• _ACTION ITEM_
Drop the pictures from the entries below, then reproduce the rest exactly.

------ RECORDED DATA ------

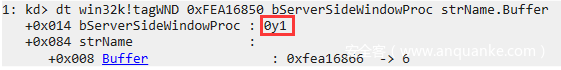 通过窗口对象喷射,我们得到两个相邻的窗口对象,并可以利用漏洞修改第一个窗口对象的cbwndExtra实现第一个窗口对象附加数据越界读写功能。我们最终的目的是在内核态执行用户态的shellcode,窗口对象tagWND. bServerSideWindowProc标志位可以帮助实现此功能。如果tagWND. bServerSideWindowProc 被置位则窗口过程函数直接在内核上下文执行,而通过之前的窗口喷射我们已经可以通过第一个窗口的附加数据越界修改第二个窗口的strName.Buffer字段,通过将第二个窗口的strName.Buffer指向第二个窗口的bServerSideWindowProc,最终可以利用第二个窗口strName修改第二个窗口对象的bServerSideWindowProc标志位:
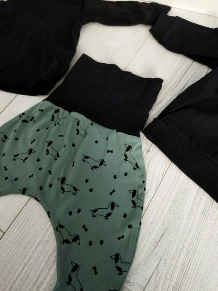 Sarouel évolutif Le soleil sous la pluie et sweats noir taille 6 et 9 mois H&M Parfait pour couches lavables
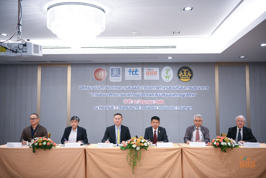 เมื่อวันที่ 27 มิ.ย. 2566 ณ รร.อมารี ดอนเมือง แอร์พอร์ต 6 องค์กร ประกอบด้วย สำนักนายกรัฐมนตรี สำนักงานคณะกรรมการคุ้มครองผู้บริโภค (สคบ.) สำนักงานกองทุนสนับสนุนการสร้างเสริมสุขภาพ (สสส.) สำนักงานคณะกรรมการสุขภาพแห่งชาติ (สช.) สภาองค์กรของผู้บริโภค และมูลนิธิวิทยาลัยการคุ้มครองผู้บริโภคด้านยาและสุขภาพ (มวคบ.) จัดพิธีลงนามบันทึกข้อตกลงความร่วมมือ (MOU) ว่าด้วยการบูรณาการเรื่อง “การพัฒนาศักยภาพองค์กรผู้บริโภคและสนับสนุนองค์กรผู้บริโภค”
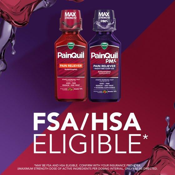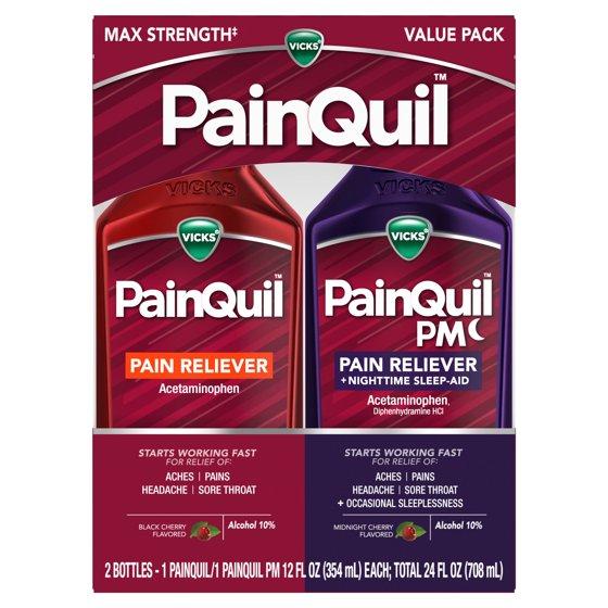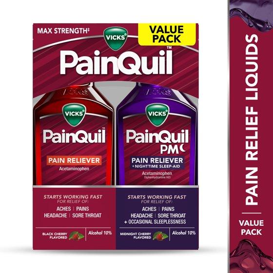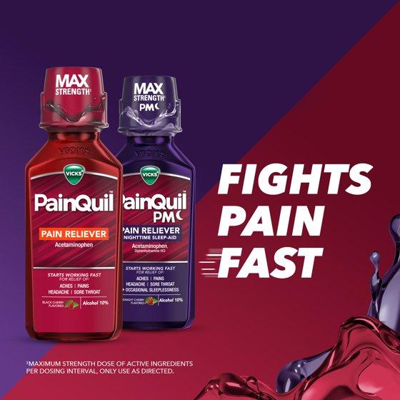 FIGHT PAIN FAST with Vicks PainQuil and PainQuil PM adult liquid pain relievers! For pain relief anytime, PainQuil Liquid Pain Reliever starts working fast for max strength headache relief, backache relief, muscular ache relief, and relief of other minor aches & pains. For pain relief at night, PainQuil PM Liquid Pain Reliever starts working fast for headache relief, backache relief, muscular ache relief, and relief of other minor aches & pains + 50mg diphenhydramine HCl per dose to help you sleep soundly. PainQuil and PainQuil PM deliver max strength+ pain relief with 1000mg Acetaminophen per dose. These adult pain reliever liquids are easy to take & deliciously flavored; PainQuil is black cherry flavored, and PainQuil PM is midnight cherry flavored. Both PainQuil and PainQuil PM are non-habit forming. They are also free of high fructose corn syrup and free of sugar. PainQuil and PainQuil PM Liquid Pain Relievers are from the makers of Vicks, with 130 years of health care expertise. +Maximum strength dose of active ingredients per dosing interval, only use as directed.
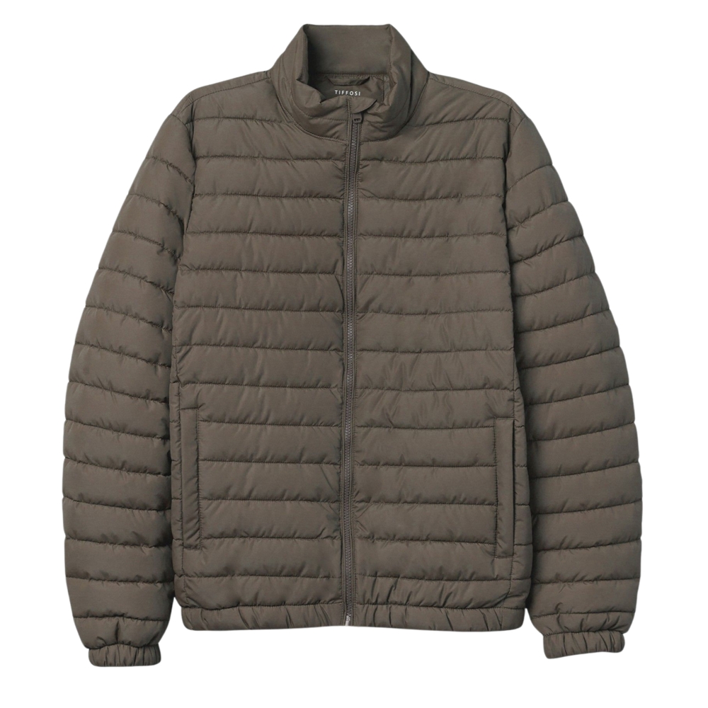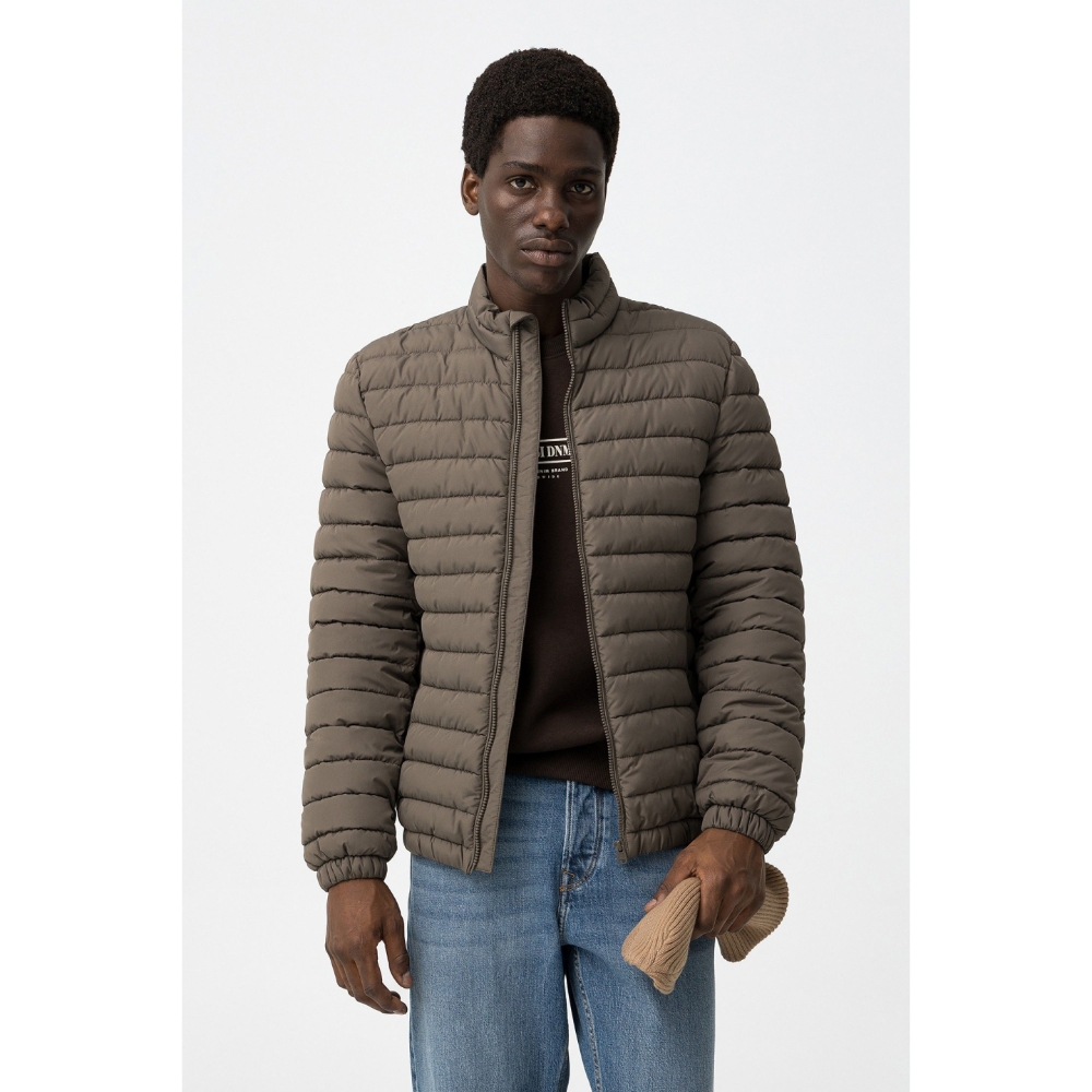 Chaqueta regular fit acolchada, con dos bolsillos frontales y cierre de cremallera. Manga larga y acabado interior elástico en bajo y puños.
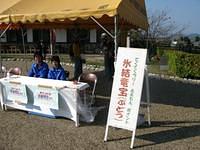 この四方八方に広がるゆったりとした時間が流れている田園地帯を通り、あやめ浜レークセンターからビワコマイアミランドに向かった。人がたむろしているところまで行くと「ええもんポイント②」であった。温かいシジミ汁をもらい、早めの昼食とした。
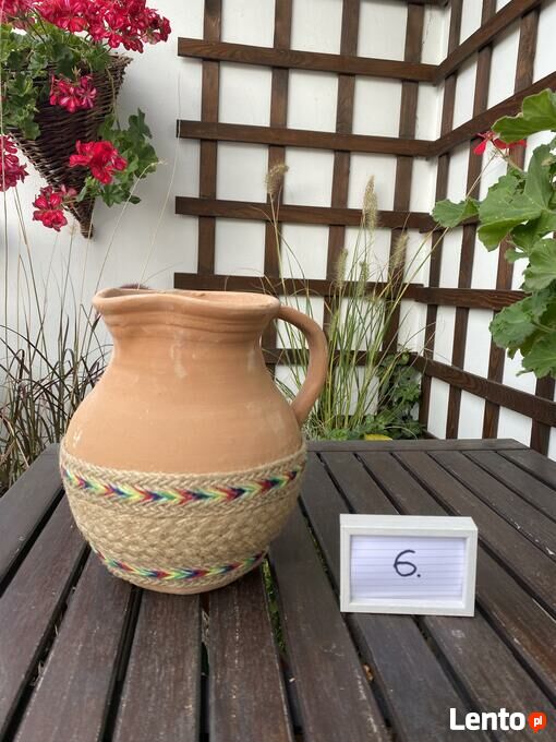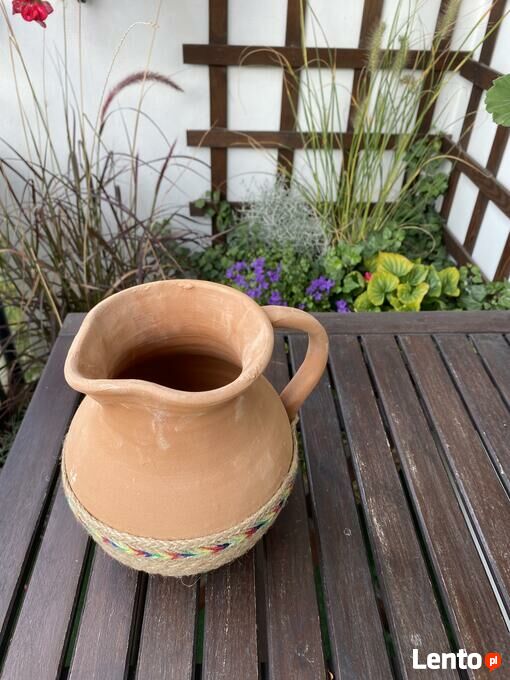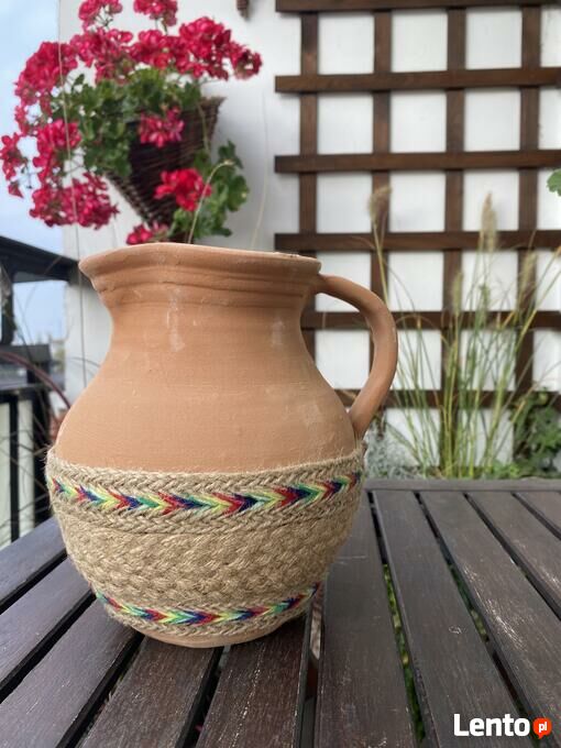 Ręcznie robiony dzbanek gliniany / nieszkliwiony/ zdobiony jutą. Dzbanek wykonany jest z naturalnej gliny.Wysokość 20,5 cm
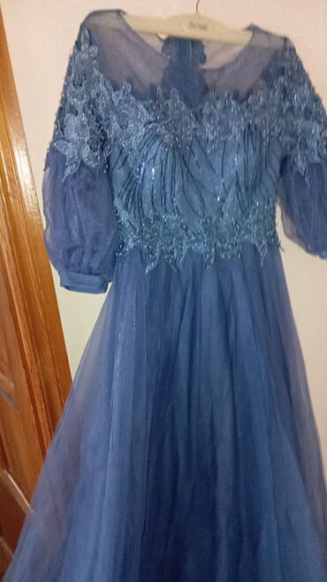 Tünd mavı rəngdə ziyafət geyimi. razmeri 44-46 - Üst hissə: parlaq payetlərlə bəzədilmiş, qismən şəffaf tül materialdan hazırlanmış pelerin tipli üst. Geniş, rahat düşümlü qollar və çiyinlərdən a...
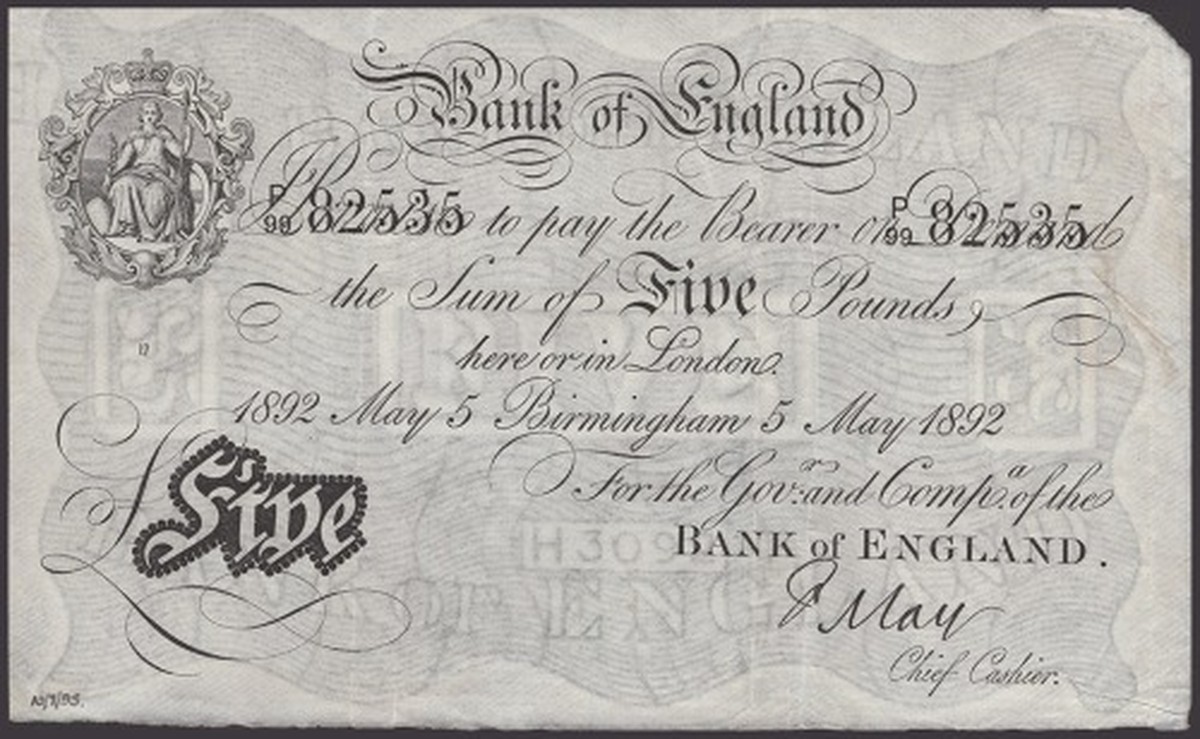 De acordo com especialistas da casa de leilões Noonans Mayfair, trata-se do único exemplar emitido em Birmingham. “A nota está sendo vendida por um antigo colecionador de cédulas raras do Banco da Inglaterra, e acreditamos que seja a nota de £ 5 de Birmingham mais rara existente”, diz a empresa.
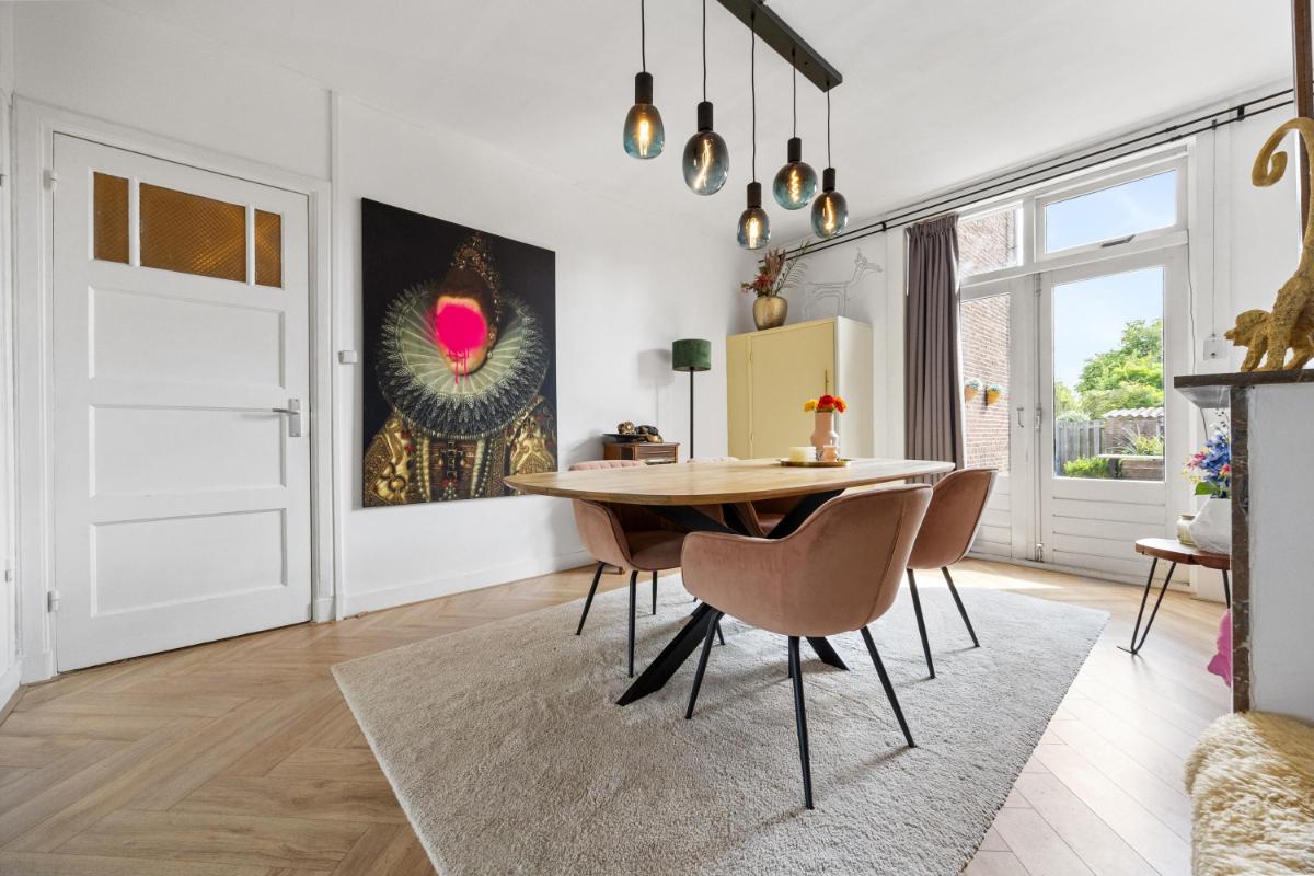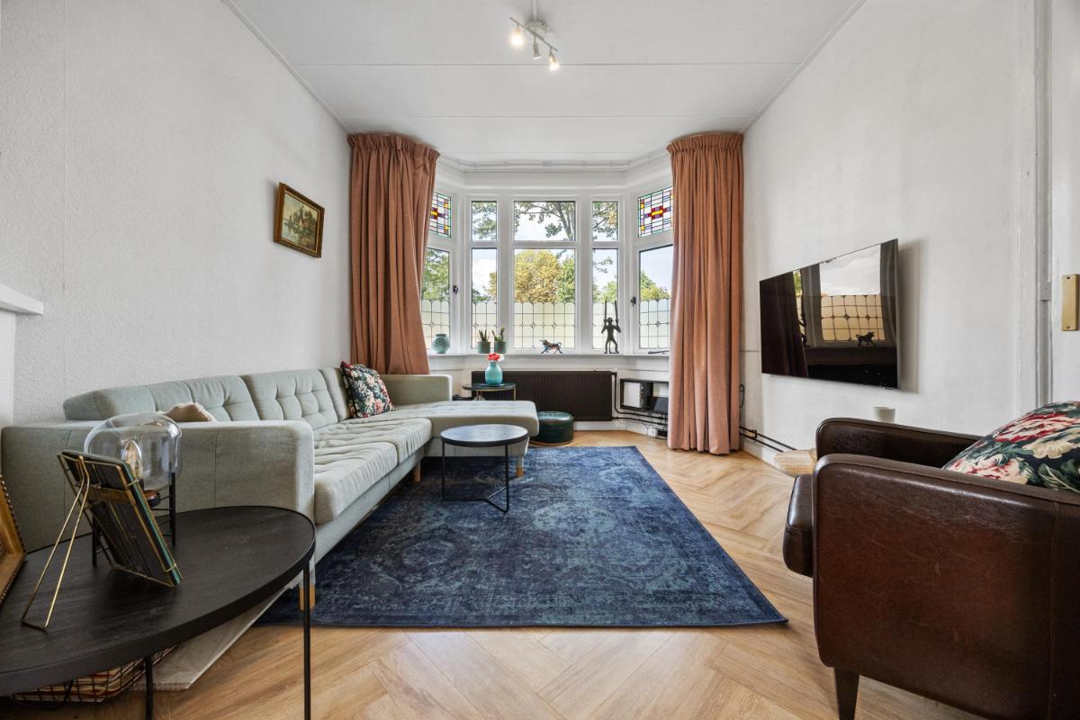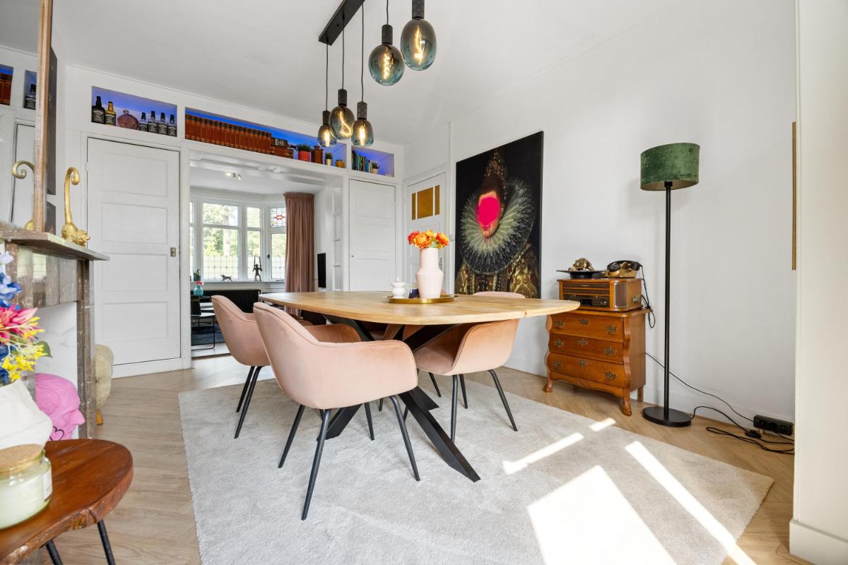 Bij binnenkomst in de woning valt direct de fijne indeling op: de centrale hal verbindt alle ruimtes op een logische en ruime manier. De lichte woonkamer aan de voorzijde (voormalige Kamer en Suite) heeft grote ramen en hoge plafonds – typisch jaren ’30 – en biedt een gezellige plek om te ontspannen. Aan de achterzijde vind je het eetgedeelte, met zicht en openslaande deuren naar de tuin welke gelegen is op het zuiden! Hier is voldoende ruimte voor een grote eettafel of een werkplek aan huis.
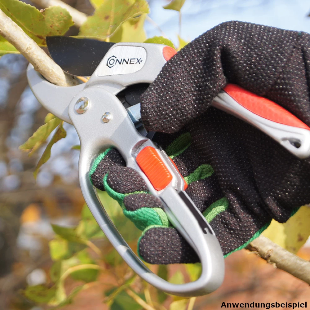 Die Ratschen-Gartenschere eignet sich zum effektiven Schneiden von stärkeren Ästen, Zweigen mit größerem Durchmesser und frischem Holz. Ausgestattet mit einer antihaftbeschichteten Klinge aus Carbon-Stahl bietet diese Schere beste Schnittergebnisse. Somit ist es möglich Äste mit deinem Durchmesser von bis zu 10 mm zu durchtrennen. Die ergonomisch ausgeformten Griffe mit eingearbeiteten Weichkomponenten sorgen für Komfort und die nötige Rutschfestigkeit. Dank des Einhand-Sicherheitsverschlusses kann die Astschere einfach geschlossen und sicher aufbewahrt werden. Zusätzlich lassen sich verbrauchte Klingen schnell und einfach auswechseln.

------

• _EXPECTED ANSWER_
 通过窗口对象喷射,我们得到两个相邻的窗口对象,并可以利用漏洞修改第一个窗口对象的cbwndExtra实现第一个窗口对象附加数据越界读写功能。我们最终的目的是在内核态执行用户态的shellcode,窗口对象tagWND. bServerSideWindowProc标志位可以帮助实现此功能。如果tagWND. bServerSideWindowProc 被置位则窗口过程函数直接在内核上下文执行,而通过之前的窗口喷射我们已经可以通过第一个窗口的附加数据越界修改第二个窗口的strName.Buffer字段,通过将第二个窗口的strName.Buffer指向第二个窗口的bServerSideWindowProc,最终可以利用第二个窗口strName修改第二个窗口对象的bServerSideWindowProc标志位:
 Sarouel évolutif Le soleil sous la pluie et sweats noir taille 6 et 9 mois H&M Parfait pour couches lavables
 เมื่อวันที่ 27 มิ.ย. 2566 ณ รร.อมารี ดอนเมือง แอร์พอร์ต 6 องค์กร ประกอบด้วย สำนักนายกรัฐมนตรี สำนักงานคณะกรรมการคุ้มครองผู้บริโภค (สคบ.) สำนักงานกองทุนสนับสนุนการสร้างเสริมสุขภาพ (สสส.) สำนักงานคณะกรรมการสุขภาพแห่งชาติ (สช.) สภาองค์กรของผู้บริโภค และมูลนิธิวิทยาลัยการคุ้มครองผู้บริโภคด้านยาและสุขภาพ (มวคบ.) จัดพิธีลงนามบันทึกข้อตกลงความร่วมมือ (MOU) ว่าด้วยการบูรณาการเรื่อง “การพัฒนาศักยภาพองค์กรผู้บริโภคและสนับสนุนองค์กรผู้บริโภค”
 FIGHT PAIN FAST with Vicks PainQuil and PainQuil PM adult liquid pain relievers! For pain relief anytime, PainQuil Liquid Pain Reliever starts working fast for max strength headache relief, backache relief, muscular ache relief, and relief of other minor aches & pains. For pain relief at night, PainQuil PM Liquid Pain Reliever starts working fast for headache relief, backache relief, muscular ache relief, and relief of other minor aches & pains + 50mg diphenhydramine HCl per dose to help you sleep soundly. PainQuil and PainQuil PM deliver max strength+ pain relief with 1000mg Acetaminophen per dose. These adult pain reliever liquids are easy to take & deliciously flavored; PainQuil is black cherry flavored, and PainQuil PM is midnight cherry flavored. Both PainQuil and PainQuil PM are non-habit forming. They are also free of high fructose corn syrup and free of sugar. PainQuil and PainQuil PM Liquid Pain Relievers are from the makers of Vicks, with 130 years of health care expertise. +Maximum strength dose of active ingredients per dosing interval, only use as directed.
 Chaqueta regular fit acolchada, con dos bolsillos frontales y cierre de cremallera. Manga larga y acabado interior elástico en bajo y puños.
 この四方八方に広がるゆったりとした時間が流れている田園地帯を通り、あやめ浜レークセンターからビワコマイアミランドに向かった。人がたむろしているところまで行くと「ええもんポイント②」であった。温かいシジミ汁をもらい、早めの昼食とした。
 Ręcznie robiony dzbanek gliniany / nieszkliwiony/ zdobiony jutą. Dzbanek wykonany jest z naturalnej gliny.Wysokość 20,5 cm
 Tünd mavı rəngdə ziyafət geyimi. razmeri 44-46 - Üst hissə: parlaq payetlərlə bəzədilmiş, qismən şəffaf tül materialdan hazırlanmış pelerin tipli üst. Geniş, rahat düşümlü qollar və çiyinlərdən a...
 De acordo com especialistas da casa de leilões Noonans Mayfair, trata-se do único exemplar emitido em Birmingham. “A nota está sendo vendida por um antigo colecionador de cédulas raras do Banco da Inglaterra, e acreditamos que seja a nota de £ 5 de Birmingham mais rara existente”, diz a empresa.
 Bij binnenkomst in de woning valt direct de fijne indeling op: de centrale hal verbindt alle ruimtes op een logische en ruime manier. De lichte woonkamer aan de voorzijde (voormalige Kamer en Suite) heeft grote ramen en hoge plafonds – typisch jaren ’30 – en biedt een gezellige plek om te ontspannen. Aan de achterzijde vind je het eetgedeelte, met zicht en openslaande deuren naar de tuin welke gelegen is op het zuiden! Hier is voldoende ruimte voor een grote eettafel of een werkplek aan huis.
 Die Ratschen-Gartenschere eignet sich zum effektiven Schneiden von stärkeren Ästen, Zweigen mit größerem Durchmesser und frischem Holz. Ausgestattet mit einer antihaftbeschichteten Klinge aus Carbon-Stahl bietet diese Schere beste Schnittergebnisse. Somit ist es möglich Äste mit deinem Durchmesser von bis zu 10 mm zu durchtrennen. Die ergonomisch ausgeformten Griffe mit eingearbeiteten Weichkomponenten sorgen für Komfort und die nötige Rutschfestigkeit. Dank des Einhand-Sicherheitsverschlusses kann die Astschere einfach geschlossen und sicher aufbewahrt werden. Zusätzlich lassen sich verbrauchte Klingen schnell und einfach auswechseln.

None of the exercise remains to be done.